QueryRuleEngine

Moved to query_police.

It is a rule-based engine with custom rules to Analyze Active-Record relations using explain results to detect bad queries.

Installation

Add this line to your application's Gemfile:

gem 'query_rule_engine'

And then execute:

$ bundle install

Or install it yourself as:

$ gem install query_rule_engine

Get started

Basic Usage

Use QueryRuleEngine.analyse to generate an analysis object for your Active-Record relation or query and then you can use pretty print on the object.

analysis = QueryRuleEngine.analyse(<active_record_relation>)
puts analysis.pretty_analysis_for(<impact>)

Eg.

analysis = QueryRuleEngine.analyse(
  User.joins('join sessions on sessions.user_email = users.email ')
  .where('sessions.created_at < ?', Time.now - 5.months).order('sessions.created_at')
)
puts analysis.pretty_analysis_for('negative')
# or
puts analysis.pretty_analysis({'negative' => true, 'positive' => true})

Results

table: sessions
column: type
impact: negative
message: Entire sessions table is scanned to find matching rows, you have 1 possible keys to use.
suggestion: Use index here. You can use index from possible key: ["index_sessions_on_user_email"] or add new one to sessions table as per the requirements.
column: key
impact: negative
message: There is no index key used for sessions table, and can result into full scan of the sessions table
suggestion: Please use index from possible_keys: ["index_sessions_on_user_email"] or add new one to sessions table as per the requirements.
column: rows
impact: negative
message: 2982924 rows are being scanned per join for sessions table.
suggestion: Please see if it is possible to use index from ["index_sessions_on_user_email"] or add new one to sessions table as per the requirements to reduce the number of rows scanned.
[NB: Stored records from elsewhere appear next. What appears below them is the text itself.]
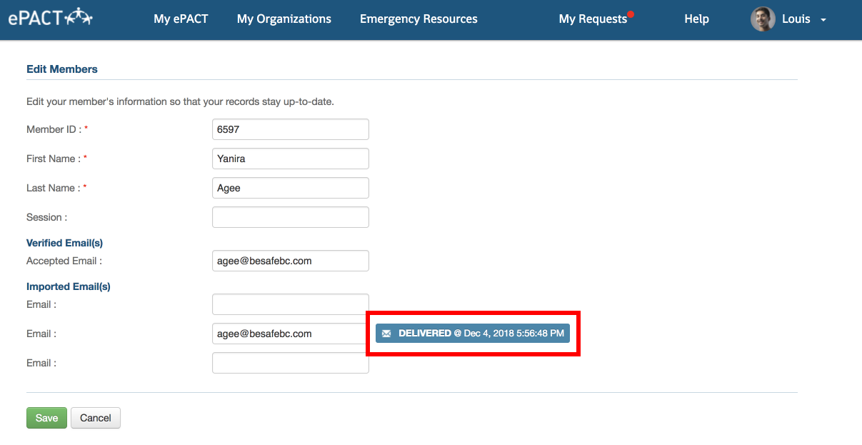 Organization administrators can message any member or members' emergency/pickup/other contacts within the organization. They can also see when the last email was sent to any member by clicking on the Edit icon on the record. The last date of the delivered message will be visible next to their email address.
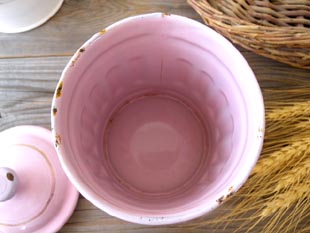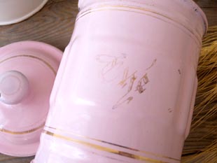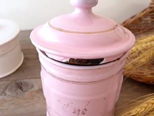 なフォルムになってしまうピンクカラーがとても可愛いティーホウロウキャニスターです。
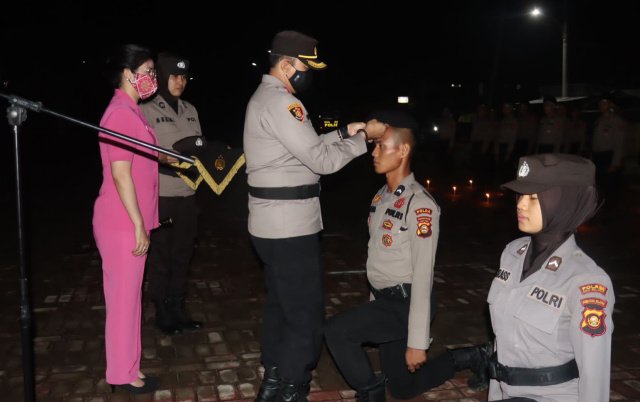 Acara ditandai dengan pemasangan baret khas Samapta secara simbolis oleh Kapolres OKU Selatan AKBP Indra Arya Yudha dan Ketua Bhayangkari Cabang OKU Selatan Aryanti Indra Arya kepada 2 perwakilan bintara remaja pada Rabu Malam (3/8/2022).
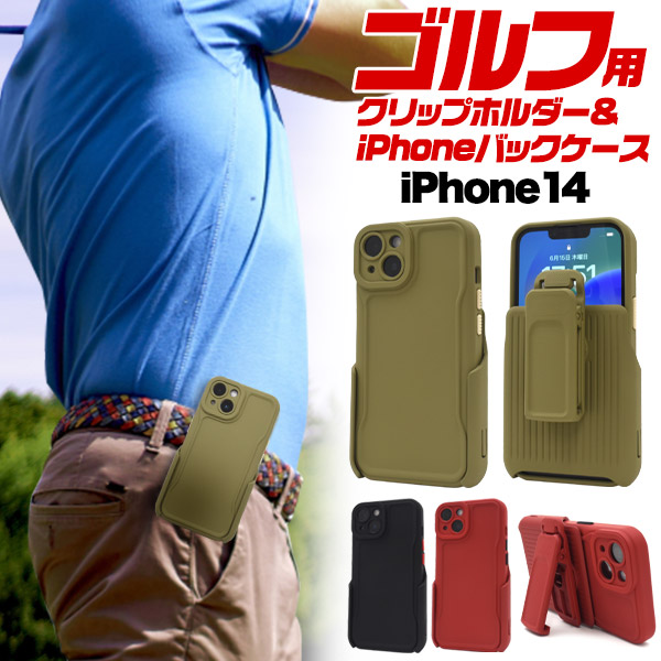 スマホケース iPhone14用 クリップホルダー付き バックカバー ゴルフ用品 アクセサリー ズボン ベルトにつけて 簡単取出し iPhoneケース シンプル 便利 携帯ケース 背面保護カバー スマホカバー スマートフォンケース カジュアル バックカバー SoftBank au docomo
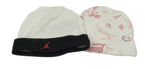 2x čepice - bílo-černá + biela s ružovymi obrázky
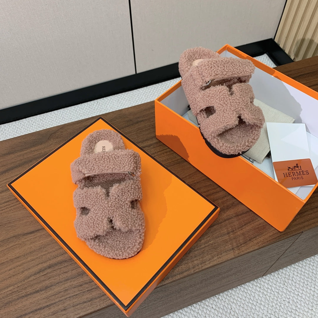 HM Chypre Sandal In Light Pink Lamb Wool 984184
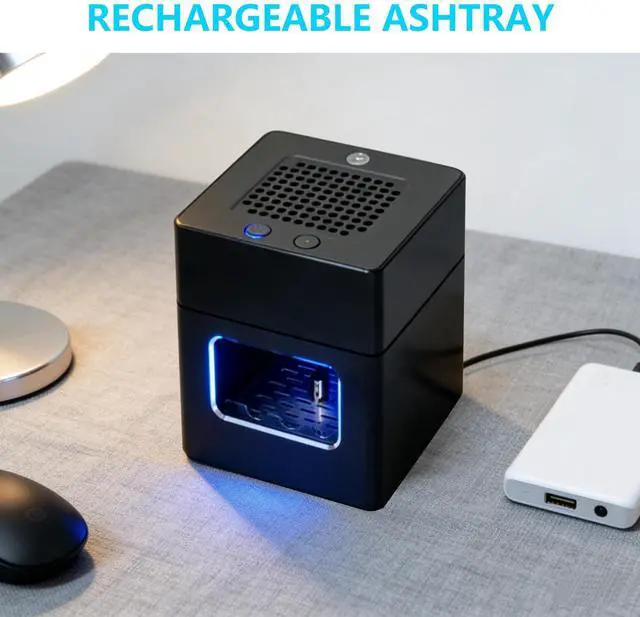 Autuveen Smokeless Ashtray with Cigarette Lighter, Multifunctional Air Purifier with HEPA Filter, Rechargeable Portable Smoke Removing Ashtray for Indoor

Add logger for every query

Add QueryRuleEngine.subscribe_logger to your initial load file like application.rb

You can make logger silence of error using QueryRuleEngine.subscribe_logger silent: true.
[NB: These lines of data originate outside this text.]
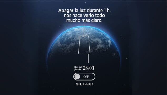 Portal de la Marina se suma un año más a la hora del planeta apagando las luces de su fachada en apoyo a la lucha contra el cambio climático 26 de marzo de 2026
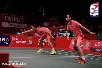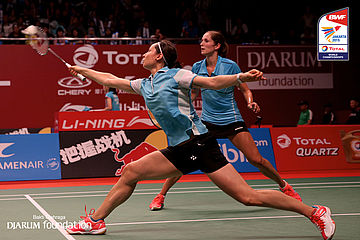 Zhang Nan/Zhao Yunlei (CHN) menahan serangan lawan
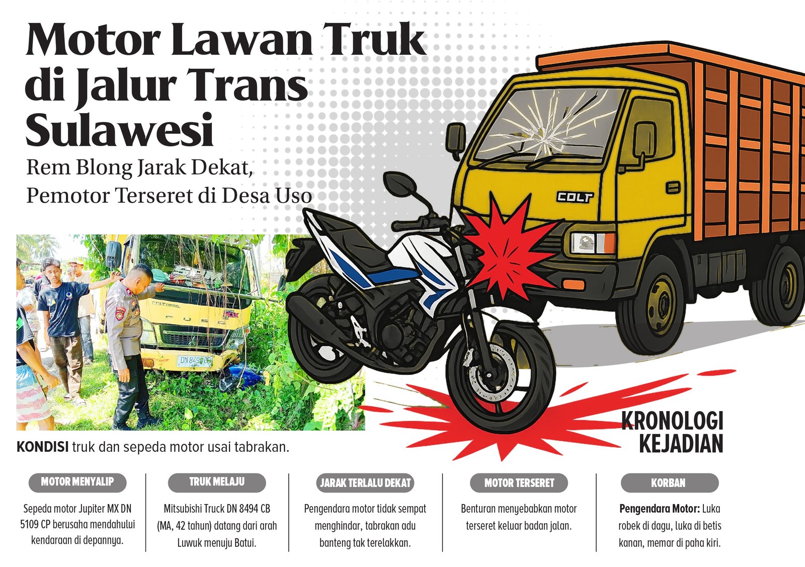 Kecelakaan lalu lintas kembali terjadi di ruas Jalan Trans Sulawesi, tepatnya di Desa Uso, Kecamatan Batui, Kabupaten Banggai, Rabu (13/8/2025) sekitar pukul 13.00 Wita. Sebuah sepeda motor dan truk terlibat tabrakan adu banteng yang mengakibatkan pengendara motor mengalami luka serius.
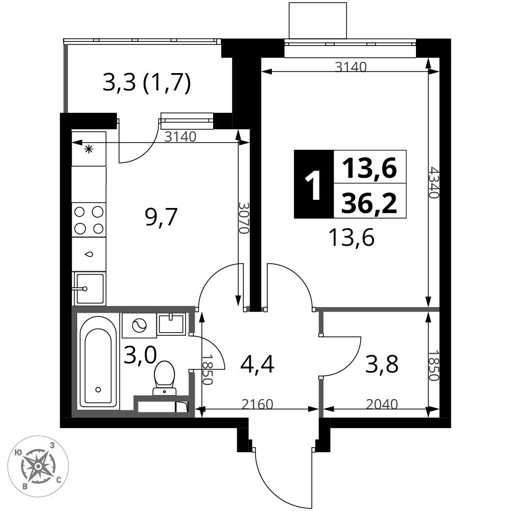 ГлавнаяЖилая недвижимостьЖК "1-й Донской"1-комнатная квартира № 5

You can change logger config using QueryRuleEngine logger_config: <config>, default logger_config {'negative' => true}, options positive: <Boolean>, caution: <Boolean>.

How it works?

Query rule engine converts the relation into sql query
Query rule engine generates execution plan using EXPLAIN and EXPLAIN format=JSON based on the configuration.
Query rule engine load rules from the config file.
Query rule engine apply rules on the execution plan and generate a new analysis object.
Analysis object provide different methods to print the analysis in more descriptive format.

Execution plan

We have 2 possible execution plan:-

Normal - using EXPLAIN

Detailed - using EXPLAIN format=JSON

NOTE: By default Detailed execution plan is added in the final execution plan, you can remove that by QueryRuleEngine.detailed=false

Normal execution plan

Generated using EXPAIN <query>

Result

id	select_type	table	partitions	type.	possible_keys	key	key_len	ref	rows	filtered	Extra
1	SIMPLE	profile	NULL.	index	fk_rails_249a7ebca1	fk_rails_249a7ebca1	5	NULL	603	100.00	Using where; Using index
1	SIMPLE	users	NULL	eq_ref	PRIMARY,index_users_on_id	PRIMARY	4	development.profile.user_id	1	100.00	NULL

Result for this is added as it is in the final execution plan

Eg.

{
    "profile" => {
                   "id" => 1,
          "select_type" => "SIMPLE",
                "table" => "profile",
           "partitions" => nil,
                 "type" => "index",
        "possible_keys" => "fk_rails_249a7ebca1",
                  "key" => "fk_rails_249a7ebca1",
              "key_len" => "5",
                  "ref" => nil,
                 "rows" => 603,
             "filtered" => 100.0,
                "Extra" => "Using where; Using index"
    },
                  "users" => {
                   "id" => 1,
          "select_type" => "SIMPLE",
                "table" => "users",
           "partitions" => nil,
                 "type" => "eq_ref",
        "possible_keys" => "PRIMARY,index_users_on_id",
                  "key" => "PRIMARY",
              "key_len" => "4",
                  "ref" => "development.profile.user_id",
                 "rows" => 1,
             "filtered" => 100.0,
                "Extra" => nil
    }
}

Detailed execution plan

Generated using EXPAIN format=JSON <query>

Truncated Result

{
  "query_block": {
    "select_id": 1,
    "cost_info": {
      "query_cost": "850.20"
    },
    "nested_loop": [
      {
        "table": {
          "table_name": "profile",
          "access_type": "index",
          "key_length": "5",
          "cost_info": {
            "read_cost": "6.00",
            "eval_cost": "120.60",
            "prefix_cost": "126.60",
            "data_read_per_join": "183K"
          },
          "used_columns": [
            "user_id"
          ],
          "attached_condition": "(`development`.`profile`.`user_id` is not null)"
        }
      }
    ]
  }
}

Result for this is added in flatten form to final execution plan, where detailed# prefix is added before each key.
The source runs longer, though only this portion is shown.